Por
El secreto bajo la cama
Aquel jueves por la noche, estaba hasta las pelotas dentro del culo de Viviane cuando la puerta de la habitación crujió con la violencia de un terremoto. Mi padre —que se suponía estaba en un viaje de trabajo en São Paulo— estaba parado en el marco de la puerta, con una maleta en la mano y una expresión de cansancio mezclada con sorpresa.
«¿Vivi? ¿Qué sorpresa es esta, mi amor? Decidí volver antes para verte», dijo, con esa voz ronca de quien fuma dos paquetes al día.
Me arrastré bajo la cama en un pánico silencioso, mi verga aún goteando con la lubricación de su culo. Viviane, la zorra sagaz que es, se recompuso en un segundo, bajándose el vestido y sonriendo con esa falsedad que solo ella domina.
«¡Cariño! ¡Qué susto! No avisaste que volverías», dijo, abrazándolo mientras yo veía sus pies descalzos acercarse a la cama.
Lo que siguió fue un espectáculo de mediocridad sexual. Mi padre la poseyó con la sutileza de un toro cansado —roncaba, sudaba y gemía como si estuviera descargando un camión. Ella, por su parte, elevó el arte de la farsa a nuevos niveles. «¡Ay, papi, qué rico! ¡Eres increíble!», gritaba, mientras yo, bajo la cama, imaginaba su pene flácido entrar y salir sin convicción de su cucota que minutos antes había sido mi propiedad exclusiva.
Pero la verdadera perversión comenzó cuando imaginé lo que estaba por venir —la leche de mi padre chorreando dentro del mismo agujero que yo acababa de abandonar.
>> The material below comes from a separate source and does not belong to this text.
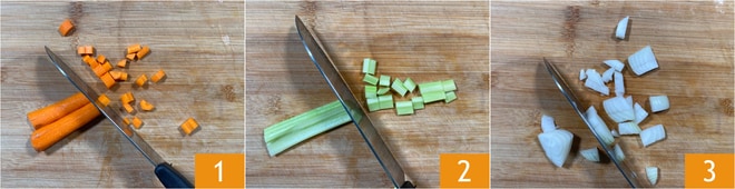 Para preparar el asado de ternera en sartén, como primer paso preparad el Caldo de verduras siguiendo nuestra receta, y mantenedlo caliente. Picar las zanahorias 1, el apio 2 y la cebolla 3 con un cuchillo.

La idea era asquerosa, degradante… e inexplicablemente excitante. Agarré mi polla aún húmeda de sus jugos y comencé a masturbarme frenéticamente, ahogando mis gemidos en el colchón sobre mí. Cada golpe sordo de su cuerpo contra ella era un metrónomo para mi lujuria enfermiza.
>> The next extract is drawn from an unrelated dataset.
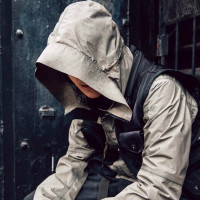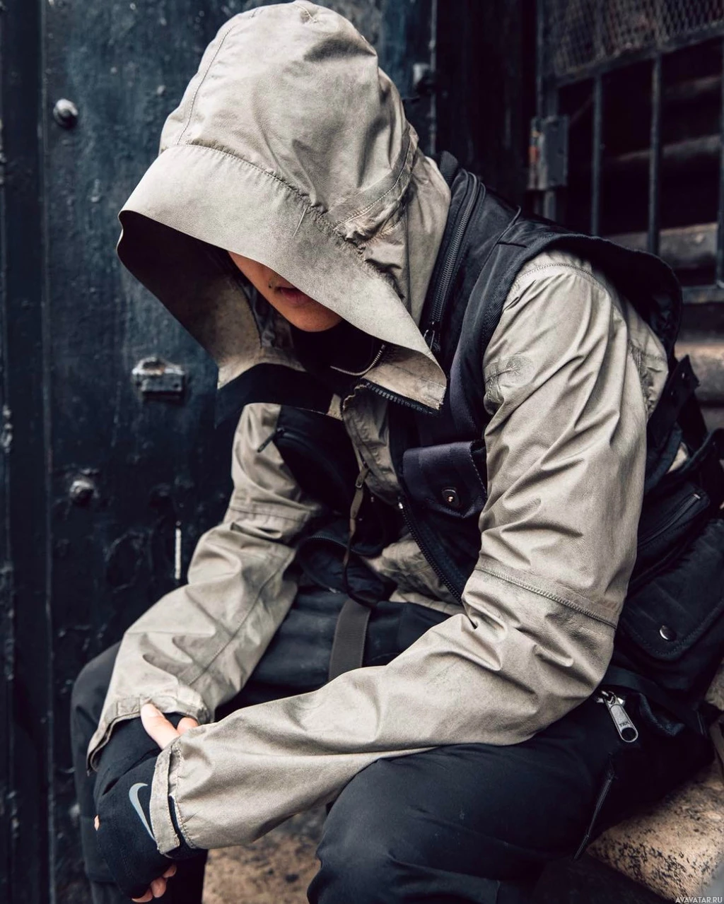 cold weather or some form of outdoor activity requiring protection from the elements. The hood is up, partially obscuring their face and adding to the anonymity of the image.

Cuando finalmente se derrumbó sobre ella, jadeando como un pez fuera del agua, yo ya me había corrido silenciosamente en la alfombra, mi esperma mezclándose con el polvo y el pelo de los perros.
Esperé hasta oír sus ronquidos antes de salir arrastrándome, sintiéndome sucio y pervertido. Fui directo al baño, intentando lavar la vergüenza con agua caliente. Pero Viviane, la perra insaciable, apareció en la puerta de vidrio de la ducha con una sonrisa de quien sabe exactamente lo que está haciendo.
«¿Limpiando la suciedad, guarro?», susurró, entrando y cerrando la puerta.
Antes de que pudiera responder, se giró y se inclinó sobre el lavabo, ofreciendo ese culo aún enrojecido por nuestras actividades anteriores. «Se corrió dentro de mí. ¿Hueles la leche de tu padre?», provocó, moviendo las nalgas.
No resistí. Agarré sus caderas y metí mi verga de nuevo en ella, ahora lubricado por el agua y el semen ajeno. La cogí con una rabia que me sorprendió incluso a mí, mis pelotas golpeando su carne mientras el agua caliente lavaba nuestros pecados por el desagüe. Ella gemía bajo, mordiéndose el brazo para no hacer ruido, mientras el vapor del baño envolvía nuestros cuerpos sudorosos en un velo de depravación.
Cuando me corrí dentro de ella por segunda vez esa noche, mordí su hombro para ahogar el grito. Ella rio —una risada baja y victoriosa— y susurró: «Mañana lo repetimos, hijo de puta».